Here, they heard of the martyrdom of the Apostle, and his burial in
the vineyard of Lucia, the Roman matron. He had "finished his course"
and "kept the faith," and had gone to receive his "crown of
righteousness."

As the days passed, peace and happiness came to them all. The
gladiator, forgetting his prowess in the arena, worked diligently in
the vineyard, while Lucius guarded the flocks of sheep, grazing
beneath the light-green olive-trees. And Lidia cooked for them in a
small stone cottage, singing as she worked.

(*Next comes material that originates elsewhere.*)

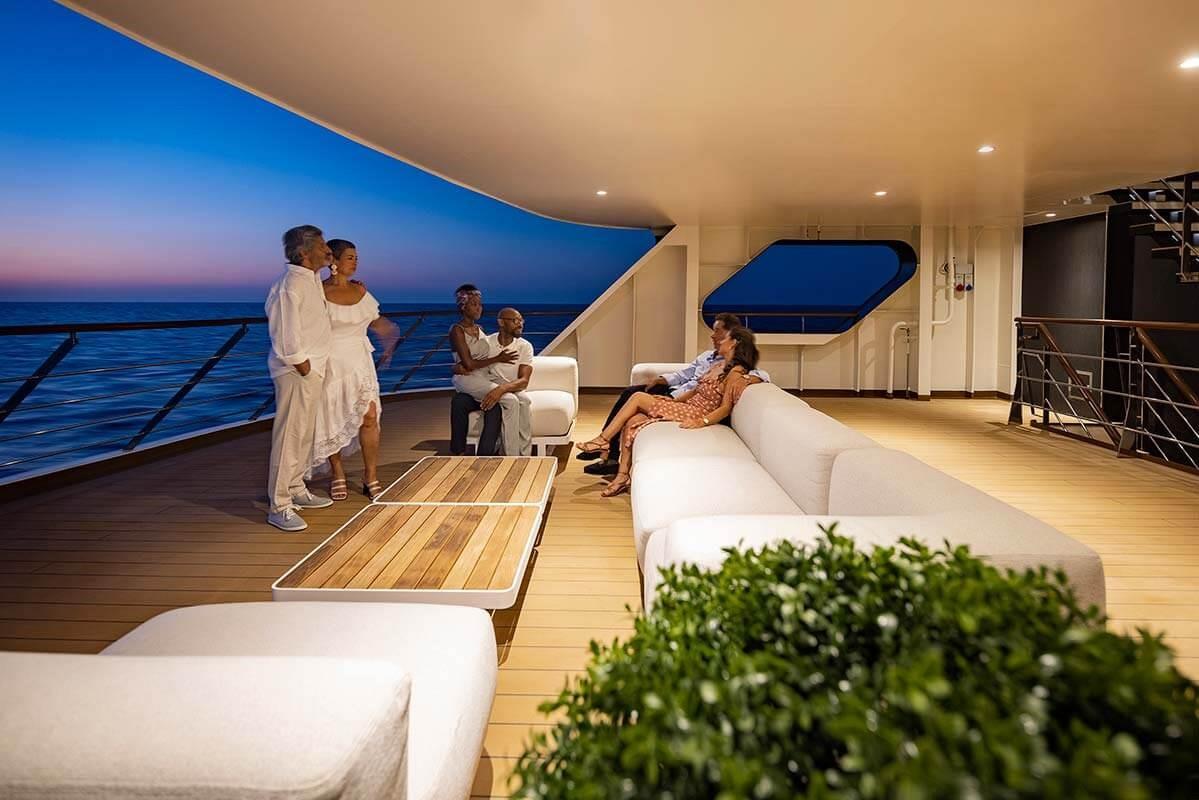 Open bars and lounges, including 24-hour bar service with specialty appetizers, are always included. Get to know your fellow explorers with champagne and gourmet canapés during a meet and greet. Enjoy a leisurely evening swapping stories or looking out on the horizon from spacious decks. An ambiance of relaxed luxury invites you to savor each moment of the journey, allowing for deeper connections as you mingle with new friends.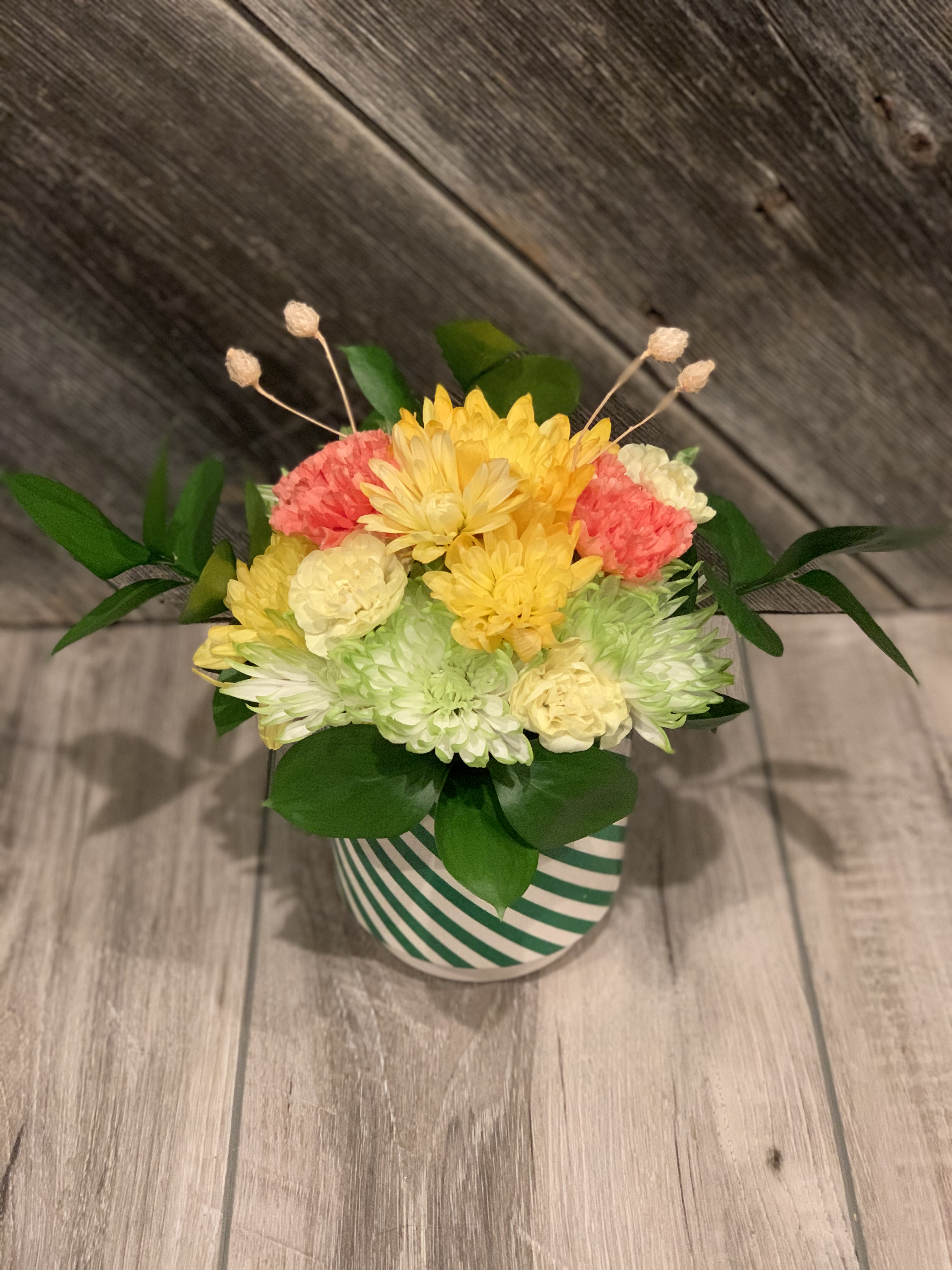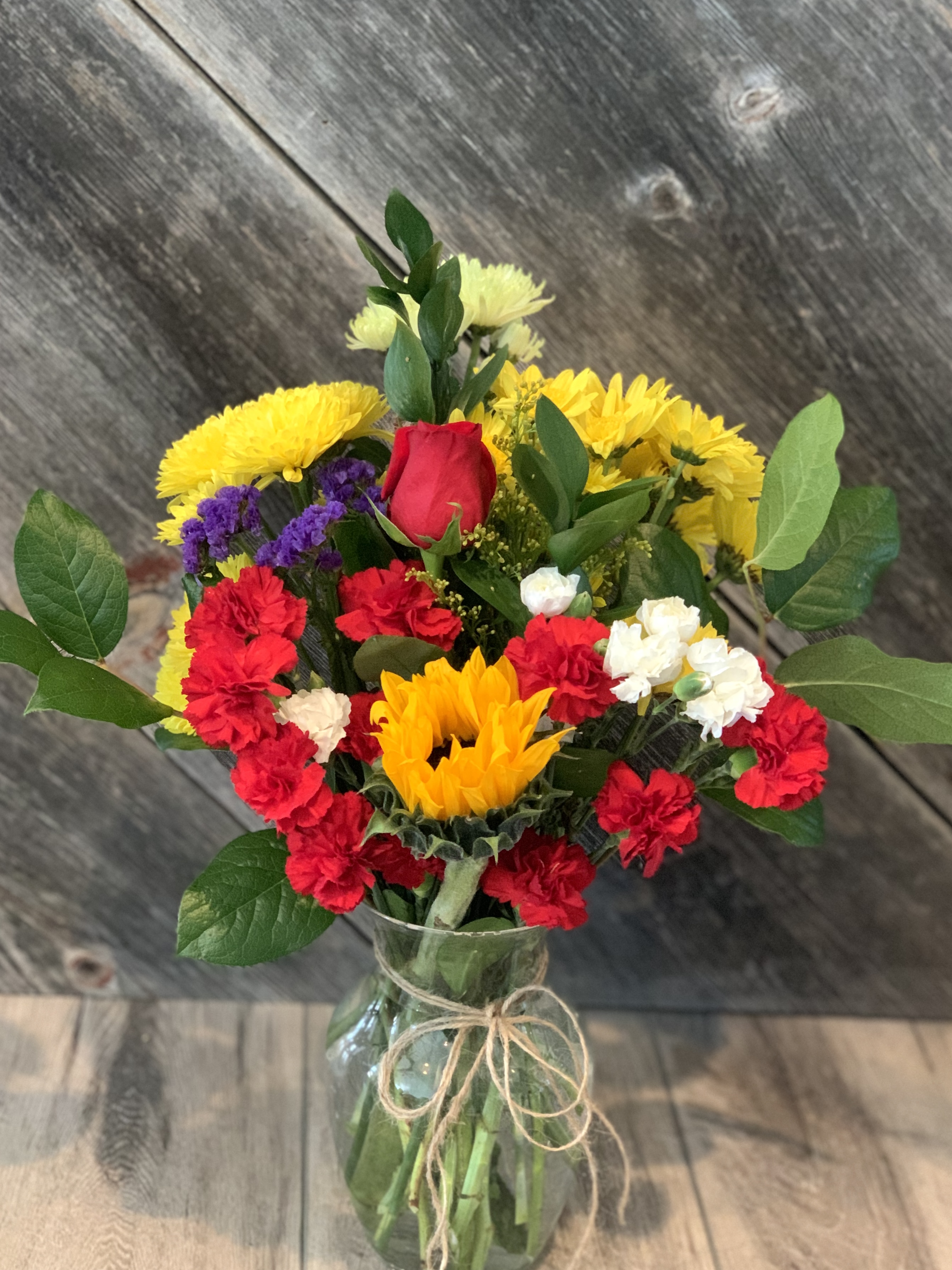Quick and easy…a $20 bouquet looks great in any vase you have! Need a little bigger bouquet or need multiple? Order as many as you need. Flowers will be seasonal; colors will vary.

Martius and Marcus, grown to be men, worked also, and when the labors
of the day were over, sat on the terrace in the moonlight, while
Hermione and Virgilia talked with them, and Claudia and Octavia smiled
at their happiness.

One thing, they did not know; that Alyrus, the Moor, justly punished
for his misdeeds, never spoke again after the games in the Circus. He
died soon afterward. Sahira, robbed of her freedom by the jealousy of
a woman high in favor in the imperial court, who envied her beauty and
the favor of the emperor, sank again into slavery, and as the years
passed, became a drudge in the palace.

When the sun crept lower to the waves of the sea, and as the darkness
shrouded all nature, young and old knelt on the terrace and prayed
that God would keep them safe.

And Aurelius, the lawyer, with Claudia, his wife, knelt also, for
there were no statues of the gods in this home set among the trailing
festoons of the vineyard on the Island of Cyprus.